What is required:
The entries below need to be transcribed exactly, without their images.

-- Supplied data follows --

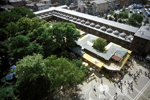 Mihrimah džamija nalazi se preko puta glavnog trajektnog pristaništa. Smeštena je na visokoj platformi sa pokrivenin tremom na ulazu na kojem se često skupljaju stariji muškarci da razgovaraju i posmatraju svet koji prolazi. Preko puta se nalazi džamija Jeni Valide, izgrađena 1710. godine i zelni grob sultanije Valide koji liči na veliki ptičiji kavez. Činili džamija, izgrađena 1640. godine, svoj naziv dobila je po prelepim pločicama kojima je uređena njena untrašnjost.
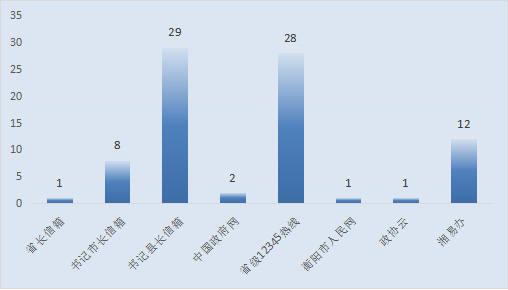 (二)非話務(wù)渠道受理情況。熱線共受理非話務(wù)渠道訴求82件,其中,省長信箱轉(zhuǎn)派工單1件,書記市長信箱信件8封,書記縣長信箱信件29封,中國政府網(wǎng)轉(zhuǎn)派工單2件,省級12345熱線轉(zhuǎn)派工單28件,衡陽市人民網(wǎng)轉(zhuǎn)派工單1件,政協(xié)云轉(zhuǎn)派工單1件,湘易辦轉(zhuǎn)派工單12件。
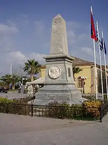 - Monumento en obelisco diseñado en París y construido en Atenas en el taller de esculturas de mármol de Ioannis Chaldoupis en 1903 (en la página web del municipio de Nafplio).
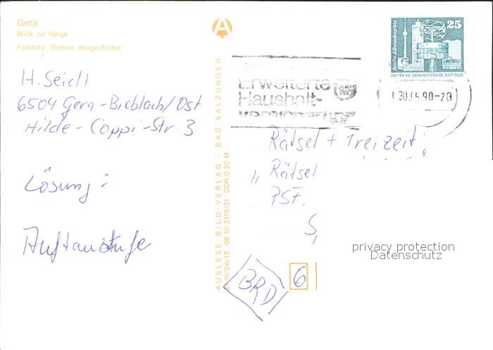 72401262 alte Postkarte Gera Blick zur Sorge Fussgaengerzone postalisch gelaufen Erhaltung siehe scans KatCode: 11110016052000
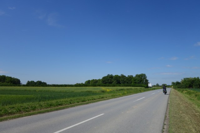 Mit vollem Magen radelt es sich deutlich besser! Das gute Wetter hält an, sodass wir bis zum Mittag gut durchradeln. Die Landschaft besteht weiterhin größtenteils aus Feldern abgewechselt von kleinen Waldstücken. „Das könnte wirklich bei uns zu Hause um die Ecke sein!“, meint Leon.
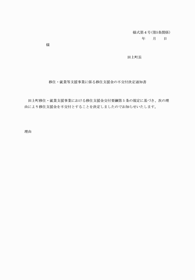 審査の結果支援金の交付を不適当と認める場合又は予算上の理由等により当該年度における支援金の交付が不可である場合は、不交付決定通知書(様式第4号)により申請者に通知する。
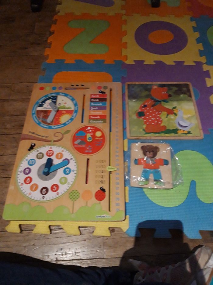 Lot jouets : - deux petits puzzles bon etat - calendrier perpetuel manque 2 fleches 1 euro le tout (Caisse MARJO)
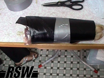 A leather wrapped pork arm was prepared for testing.
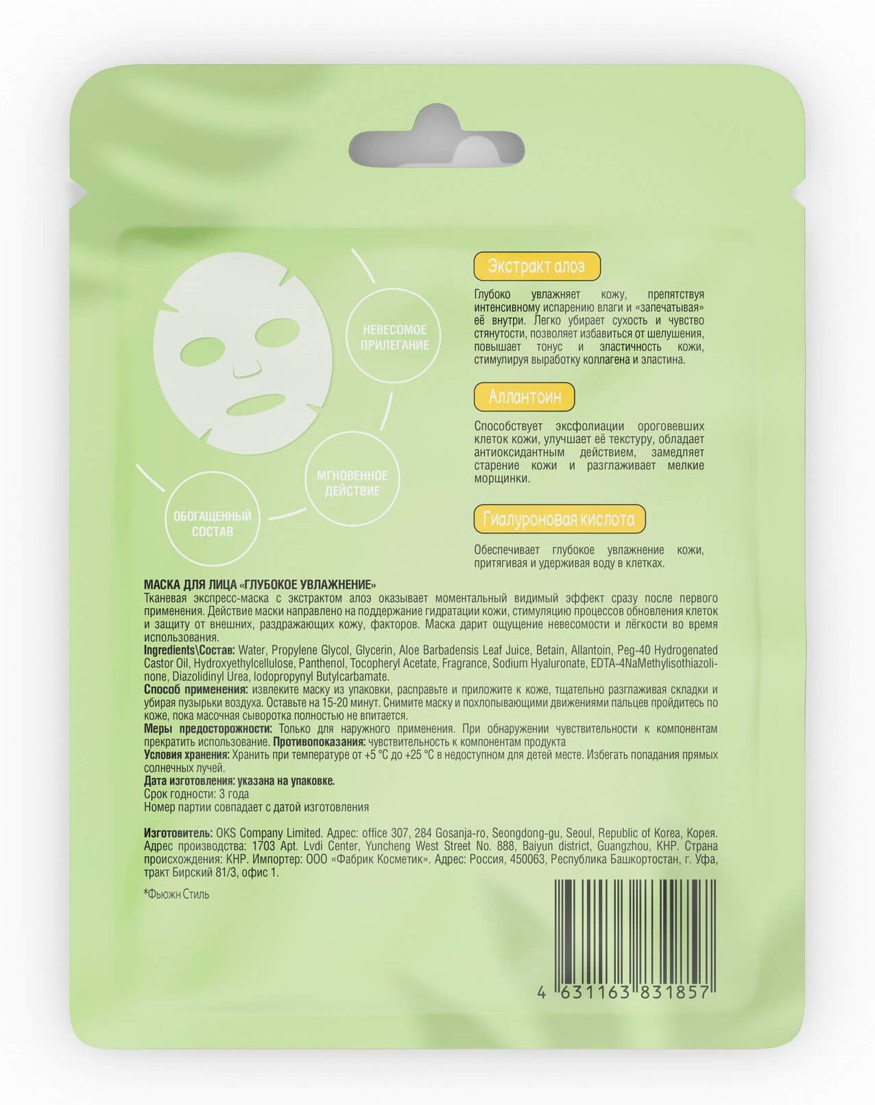 Тканевая экспресс-маска с экстрактом алоэ оказывает моментальный видимый эффект сразу после первого применения. Действие маски направлено на поддержание гидрации кожи, стимуляцию процессов обновления клеток и защиту от внешних, раздражающих кожу, факторов. Маска дарит ощущение невесомости и легкости во время использования.
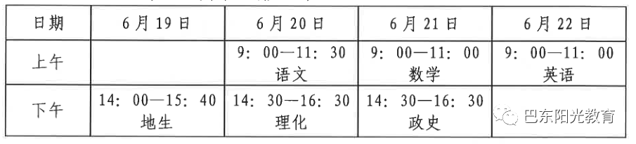 文化课考试实行全州统一命题、统一考试、统一评卷,均实行闭卷笔试。考试时间安排如下∶
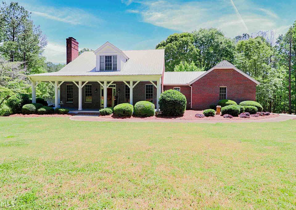 Call agent. Lovely 4 sided brick Cape Cod home with a lake on 34 acres. A must see. This house is 30 Minutes to the Atlanta Airport via Roscoe Rd. to Fulton Industrial Blvd. There are 3 Barnes on the property as well as a shop and a Rustic Cabin. Beautiful views of the fire pit and lake from the screened in porch on the back of the home. Hardwood floors on the main level. The kitchen has quartz countertops and an oversized island. This home has it all.

-- Supplied data concluded --

Exercise answer:
 Mihrimah džamija nalazi se preko puta glavnog trajektnog pristaništa. Smeštena je na visokoj platformi sa pokrivenin tremom na ulazu na kojem se često skupljaju stariji muškarci da razgovaraju i posmatraju svet koji prolazi. Preko puta se nalazi džamija Jeni Valide, izgrađena 1710. godine i zelni grob sultanije Valide koji liči na veliki ptičiji kavez. Činili džamija, izgrađena 1640. godine, svoj naziv dobila je po prelepim pločicama kojima je uređena njena untrašnjost.
 (二)非話務(wù)渠道受理情況。熱線共受理非話務(wù)渠道訴求82件,其中,省長信箱轉(zhuǎn)派工單1件,書記市長信箱信件8封,書記縣長信箱信件29封,中國政府網(wǎng)轉(zhuǎn)派工單2件,省級12345熱線轉(zhuǎn)派工單28件,衡陽市人民網(wǎng)轉(zhuǎn)派工單1件,政協(xié)云轉(zhuǎn)派工單1件,湘易辦轉(zhuǎn)派工單12件。
 - Monumento en obelisco diseñado en París y construido en Atenas en el taller de esculturas de mármol de Ioannis Chaldoupis en 1903 (en la página web del municipio de Nafplio).
 72401262 alte Postkarte Gera Blick zur Sorge Fussgaengerzone postalisch gelaufen Erhaltung siehe scans KatCode: 11110016052000
 Mit vollem Magen radelt es sich deutlich besser! Das gute Wetter hält an, sodass wir bis zum Mittag gut durchradeln. Die Landschaft besteht weiterhin größtenteils aus Feldern abgewechselt von kleinen Waldstücken. „Das könnte wirklich bei uns zu Hause um die Ecke sein!“, meint Leon.
 審査の結果支援金の交付を不適当と認める場合又は予算上の理由等により当該年度における支援金の交付が不可である場合は、不交付決定通知書(様式第4号)により申請者に通知する。
 Lot jouets : - deux petits puzzles bon etat - calendrier perpetuel manque 2 fleches 1 euro le tout (Caisse MARJO)
 A leather wrapped pork arm was prepared for testing.
 Тканевая экспресс-маска с экстрактом алоэ оказывает моментальный видимый эффект сразу после первого применения. Действие маски направлено на поддержание гидрации кожи, стимуляцию процессов обновления клеток и защиту от внешних, раздражающих кожу, факторов. Маска дарит ощущение невесомости и легкости во время использования.
 文化课考试实行全州统一命题、统一考试、统一评卷,均实行闭卷笔试。考试时间安排如下∶
 Call agent. Lovely 4 sided brick Cape Cod home with a lake on 34 acres. A must see. This house is 30 Minutes to the Atlanta Airport via Roscoe Rd. to Fulton Industrial Blvd. There are 3 Barnes on the property as well as a shop and a Rustic Cabin. Beautiful views of the fire pit and lake from the screened in porch on the back of the home. Hardwood floors on the main level. The kitchen has quartz countertops and an oversized island. This home has it all.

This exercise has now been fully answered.